A Python package for processing & producing PodCast overlayed with music aligned to the podcast : "Fi-Casts" (LoFi + Podcast)

Test PyPi

Table of Contents

Introduction

Tool for processing & producing musical podcasts w/ thoughtful multi-agents

Installation

  • Installing from Test PyPI
    python3 -m pip install -i https://test.pypi.org/simple/ ficast-gpt
    
  • Installing from Test PyPI using poetry:
    poetry add ficast-gpt --source https://test.pypi.org/simple/
    
  • Required environment / keys configuration
    1. conf/OAI_CONFIG_LIST.txt following the syntax of PyAutogen, the framework this package is based on to configure your LLM clients.
      • Note: Please add the followin safety settings to the model configuration to avoid safety-related filter errors during generation.
      "safety_settings": [
        {
            "category": "HARM_CATEGORY_HARASSMENT",
            "threshold": "BLOCK_NONE"
        },
        {
            "category": "HARM_CATEGORY_HATE_SPEECH",
            "threshold": "BLOCK_NONE"
        },
        {
            "category": "HARM_CATEGORY_SEXUALLY_EXPLICIT",
            "threshold": "BLOCK_NONE"
        },
        {
            "category": "HARM_CATEGORY_DANGEROUS_CONTENT",
            "threshold": "BLOCK_NONE"
        }
        ]
      
    2. ElevenLabs Transcription API Key in .env as such (see example)
      ELEVENLABS_API_KEY=<Your_Elevelabs_API_Key>
      
      Optionally, you could use Tortoise-TTS for Local Inference. This set-up is more complex and is currently under development.

Usage

  • Environment

Check out the tutorial notebook for the following example.
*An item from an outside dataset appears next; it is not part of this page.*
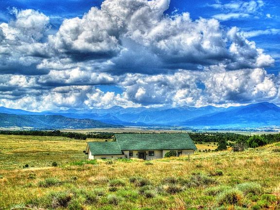 Beautiful immaculate 2 story home with Hacienda de Serenidad. 3,970 sf. of incredible living area, 10 foot ceilings, fireplace, electric heat, 3 car attached garage and many other features. Located on 70 acres with wonderful views of the Spanish Peaks, gazebo in the pinons, and numerous walking paths. No H.O.A.dues. A nice larger recreational ranch or horse property. Deer and antelope viewing too.

from ficast.character.podcast import Podcaster
from ficast.conversation.podcast import Podcast

my_podcast = Podcast(
  # define podcast topic
  topic="health & longevity", 
  # define number of rounds
  n_rounds=20, 
)

# Initialize participant instances
joe_rogan = Podcaster(
  name="Joe Rogan", 
  description="Joe Rogan is a funny and popular podcast host",
  model="gpt-3.5-turbo",
  role="host"
)
david_sinclair = Podcaster(
  name="David Sinclair",
  description="David Sinclair is a Harvard Medical Expert",
  model="gpt-3.5-turbo"
  # default role as a guest
)

# Aadd both podcast participants to conversation
my_podcast.add([joe_rogan, david_sinclair])

# Create the podcast dialogues
my_script = my_podcast.create()

# check the scripts
# raw string script
my_podcast.raw_script
# return chat history from script (warning: this part can fail due to the inconsistency of formatting that may result from individual dialogues from the LLMs)
my_podcast.script
# a structured json script parsed 
my_podcast.json_script

from ficast.assembly.ficast import FiCast
fantasy_ficast = FiCast(conversation=my_podcast)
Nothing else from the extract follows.